A fixed pooling mechanism, as implemented in our model simulations, is arguably the most parsimonious explanation of the experimental results presented here. Previous work demonstrates that fixed pooling can also account for crowding and metamerism17, even in the presence of attentional cueing18, or other configural cues52. Nevertheless, recent work has suggested that fixed pooling may be insufficient to explain other crowding-related effects in peripheral vision51,57,58,59,60. Some authors have suggested that top-down feedback related to global scene configuration may be required to account for crowding and metamerism51,57,58,59, while others have suggested that nonlinear neural response properties might suffice to account for some results inconsistent with a fixed pooling model42,60. For example, surround suppression (the reduction of response that occurs when stimuli extend beyond the classical receptive field) has been extensively documented in V161,62,63 and extrastriate areas such as V231,64, and has been explicitly linked to performance degradation in population decoding of stimulus information42. Moreover, previous results demonstrate that changes in the relative gain of center and surround normalization mechanisms can mimic receptive field size changes65, and that normalization strength can be gated by surrounding image statistics66. In our observer model, we found that the inclusion of surround suppression was critical in matching human performance.

Our experiments, and model, are built on the backbone of a particular statistical characterization for visual texture23. That model has proven useful: it is reasonably compact (~700 statistics), it is capable of capturing the appearance of a wide variety of different naturally occurring textures23,24,49, and it preserves image attributes that drive V2 and V4 neurons robustly and selectively27,28,29,30,31,32. Nevertheless, it was developed by hand, using a qualitative and somewhat ad hoc procedure for selecting the set of features, which are surely are not perfectly aligned with the information captured in any particular neuronal population. This misalignment presumably underlies some of the quantitative differences between the opposing effects exhibited by our model and those of human subjects. Recent literature offers some hints as to what might be missing, or included unnecessarily. Perceptual studies of global stimuli suggest that the model is missing important features of natural images, especially those associated with extended contours or boundaries50,51. Consistent with this, physiological studies have found selectivity in V2 neurons to extended contours and multi-point correlations associated with corners and junctions67,68. Another study examined representation of periodic texture families using fMRI and EEG and found a set of statistics related to rotation invariance in human cortical area V369. Although these studies provide intriguing suggestions for model enhancements, it is difficult to gather sufficient experimental measurements (either perceptual25 or physiological70) to uniquely constrain a full model, given the high dimensionality of the space of visual images. An alternative is to use optimization methods, now common in machine learning, to train a model on large ensembles of photographic images71,72,73,74. Deep neural networks may prove useful in this regard, as they appear to learn complex features that bear some resemblance to late-stage visual representations75,76 (some of which are texture-like77) and thus offer a potential source of summary statistics of relevance to human perception78,79.

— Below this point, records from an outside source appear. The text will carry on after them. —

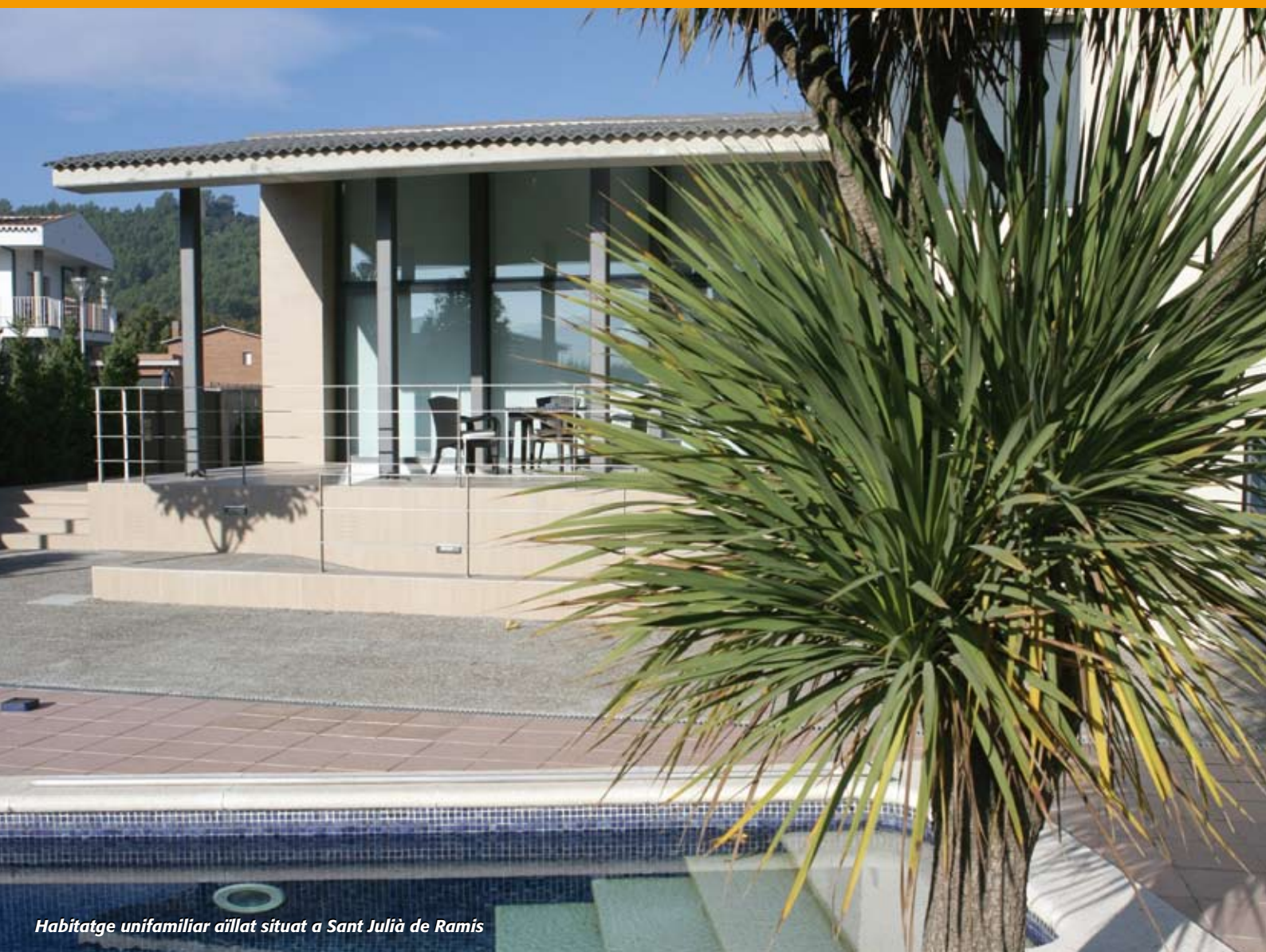
Habitatge unifamiliar aïllat situat a Sant Julià de Ramis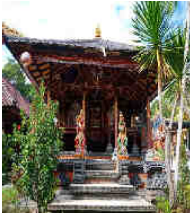
Balé Pamaruman Palinggih Ida Bhatara Turun Kabéh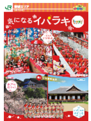
【小さな旅パンフレット】

☆「小さな旅」パンフレットを片手に水戸市内を散策できる市内マップとおすすめ観光スポット、食事・カフェの紹介等。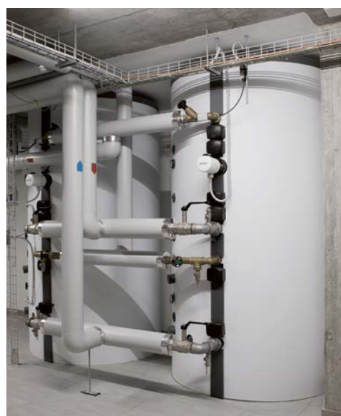
eau potable sans légionelles grâce au préparateur instantané: Le ballon d'eau chaude SBS 1501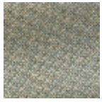
L4152_POINT_ DE_TOURS_B4 5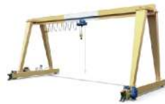
Grúas y polipastos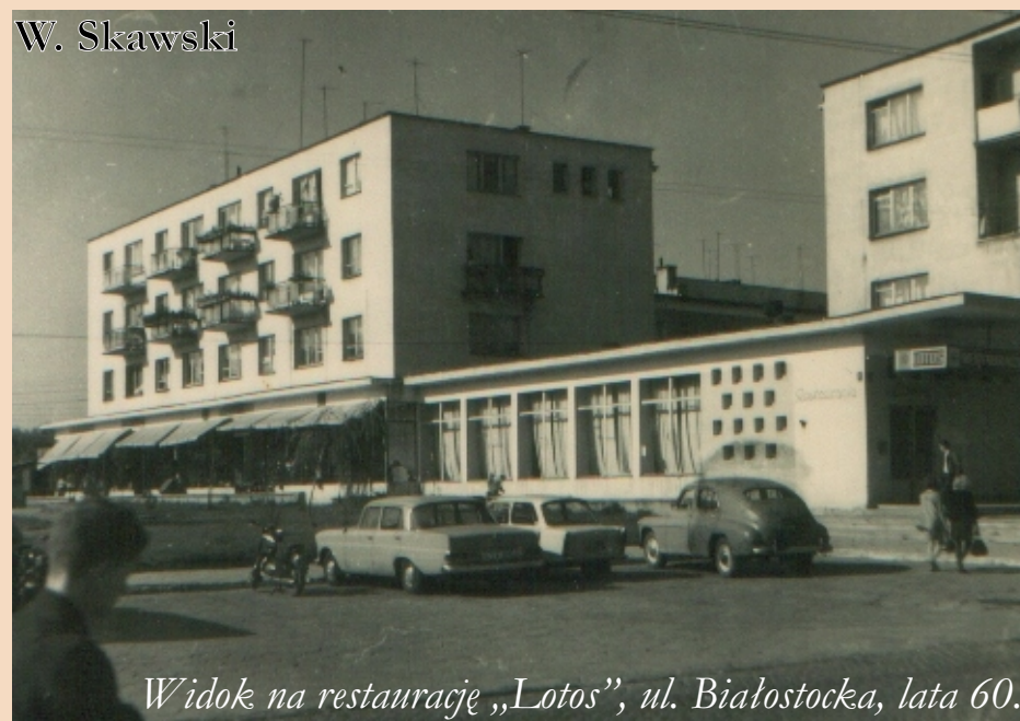
Widok na restaurację „Lotos”, ul. Białostocka, lata 60.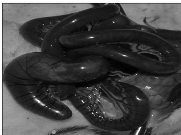
Рис. 2. Оцінка функціонального стану ободової кишки при моделюванні доліхосигми за допомогою розчину барвника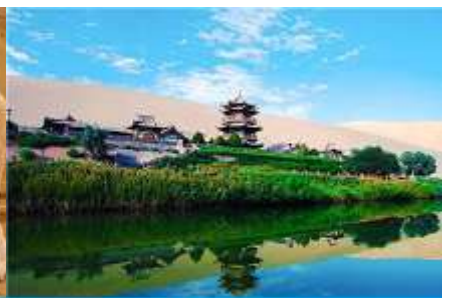
สระน้ำวพระจันทร์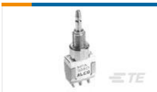
TE 产品编号2-1437567-9 MPA106F=SWITCH P/B MOM SPDT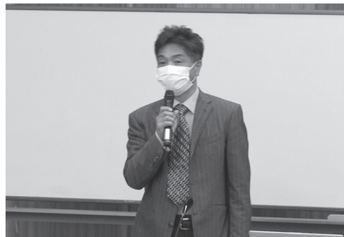
▲日野町の豊かな自然について語る神庭館長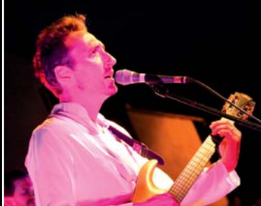
21/06 | PEP'S, INVITÉ D'HONNEUR DE LA FÊTE DE LA MUSIQUE QUI S'EST DÉROULÉE SUR LA PLACE FÉLIX AUREILLE AUX CADENEAUX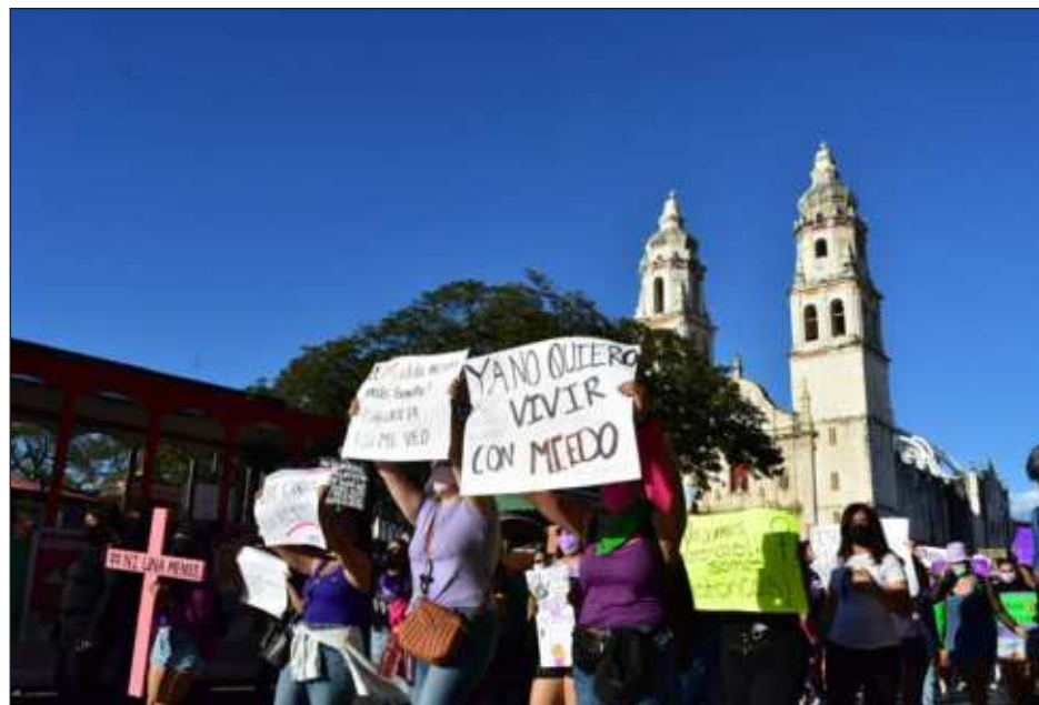
▲ La Redmyh hizo un llamado a las autoridades de procuración de justicia, derechos humanos y demás, a no dejar en letra muerta lo que establece la ley a nivel nacional.

Este 25N no salimos a las calles porque, paradójicamente, hasta ahora no se ha cumplido ni satisfecho el hacer los espacios públicos, espacios seguros para nosotras. Enfrentamos un empuje de los sectores conservadores y de grupos radicales (...) la criminalización de la protesta, al prestigio de los activismos”.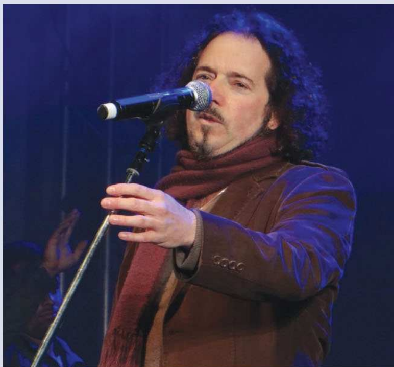
Primeiro Lugar para Flor do Lácio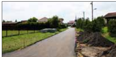
Droga w Brzeźnicy

W ramach budowy dróg gminnych zakończono również prace na Osiedlu DJ Jedności Robotniczej w Jastrowiu – odcinki ul. Okrężnej i ul. Klonowej. Zakres prac, za ponad 500 tysięcy zł obejmuje: budowę jezdni, obustronnych chodników i zjazdów do posesji z kostki betonowej oraz budowę wpustów kanalizacji deszczowej wraz z przykanalikami.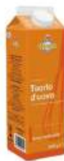
TUORLO UOVO BRIK L 1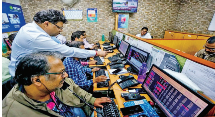
ઈક્વિટી કેશ સેગમેન્ટના વોલ્યુમ માટેનો અંદાજ સકારાત્મક રહે છે. કુલ ઓઈલના ભાવમાં નરમાઈ અને ચોમાસાની પ્રગતિ સાથે ચોક્કસકારોની ભાગીદારી વધી શકે છે. આ પરિબળો ઈક્વિટી કેશ બજારમાં નવા પરિબળો પૂરા પાડશે, અને આગામી અઠવાડિયામાં ટ્રેડિંગ વોલ્યુમ સ્થિર અથવા સુધરવાની અપેક્ષા છે. રેરિવેટિન્ગ ટ્રેડિંગ વોલ્યુમમાં એકંદર

મુંબઈ મે મહિનામાં ૨૨ મહિનાની ઊંચી સપાટીએ પહોંચ્યા પછી, જૂન મહિનામાં ઈક્વિટી કેશ સેગમેન્ટમાં ટ્રેડિંગ પ્રવૃત્તિ ધીમી પડી હતી કારણ કે ચોક્કસકારો નવી પ્રેરણાના અભાવે સાવચેત રહ્યા હતા. એનએસઈ અને બીએસઈ ના કેશ સેગમેન્ટમાં સરેરાશ દૈનિક ટર્ન ઓવર જૂનમાં માસિક ૭% થઈને રૂ. ૧.૪૧ લાખ કરોડ થયું હતું. આ ઘટાડો સતત ત્રણ મહિનાની વૃદ્ધિને બાદ જોવાયો છે. તેનાથી વિપરીત, ફ્યુચર્સ અને ઓપ્શન્સ (એફએન્ડઓ) સેગમેન્ટમાં સરેરાશ દૈનિક ટર્નઓવર ૩% વધીને રૂ. ૫૦૦.૬ લાખ કરોડ થયું હતું. આ મુખ્યત્વે મહિનાના છેલ્લા સપ્તાહિ સુધી દરમિયાન વધેલી પ્રવૃત્તિને કારણે હતું. આ ઉપરાંત, ટ્રેડિંગ પ્રવૃત્તિઓમાં પણ ઘટાડો થયેલો હતો.

The perception of complex sensory patterns emerges from neuronal activity in a cascade of functional areas. The stimulus response properties of each successive area are constructed from those of the previous area, and these transformations appear to follow a canonical form80,81,82,83, fusing specific combinations of afferents to generate new feature selectivity, and pooling over collections of these newly formed features to enable new invariances29,43. Although these systems also contain substantial feedback connections, the representation of immediate sensory information in any given area must come from earlier stages. If perception of a proximal stimulus is based only on information that survives this sequence of transformations, we expect that the loss of information that occurs in each area should engender opposing effects in the perceptual discriminability of the corresponding features. The current paper demonstrates this for visual features associated with areas V227 and V428 constructed by spatial averaging of particular combinations of V1 afferents23. It should be possible to generate such effects for features represented in other visual areas, such as V1 or the retina, or later stages of the ventral or dorsal streams. Moreover, we would expect to see analogous effects in other sensory modalities. Indeed, previous studies have demonstrated opposing effects in the perception of sound textures of varying duration22, and shown that these can be explained with an observer model based on temporal averaging of frequency-tuned peripheral afferents36. It seems likely that portions of the visual system would also exhibit temporal pooling, and perhaps pooling over other feature attributes (e.g., orientation). The opposing behaviors of family and sample discriminability provide a compelling signature of the corresponding tradeoff in selectivity and invariance of the underlying neural representation29,43.

Methods

Stimulus generation

We generated synthetic texture stimuli using the analysis–synthesis procedure described by Portilla and Simoncelli (2000)23 (software and examples are available at www.cns.nyu.edu/~lcv/texture/). We measured the statistics of 320 × 320 pixel grayscale texture photographs, each of which served as the prototype for a texture "family.” Each image was decomposed using a steerable pyramid84, consisting of a bank of filters with four orientations and four spatial scales that tile the Fourier domain and constitute an invertible linear transform (technically, a tight frame). For each filter, we computed the linear responses as well as the local magnitude responses (square root of sum of squared responses of the filter and its Hilbert transform), in rough correspondence with responses of V1 simple and complex cells, respectively. We then computed pairwise products of responses at different positions (for each orientation and scale, within a 7 × 7 spatial neighborhood) for both sets of responses, and (for the magnitude responses only) across different orientations and scales. We also included products of linear filter responses with phase-doubled responses at the next coarsest scale. All of these pairwise products were averaged across the spatial extent of the image, yielding covariances. The covariances of the linear responses are second-order statistics, in that they represent averages of quadratic functions of pixel values. The covariances of magnitudes (and phase-doubled responses) are of higher order, due to the additional nonlinearities in the magnitude and phase-doubling computations. We additionally computed the average magnitude within each frequency band and the third- and fourth-order marginal pixel statistics (equivalently, the skew and kurtosis).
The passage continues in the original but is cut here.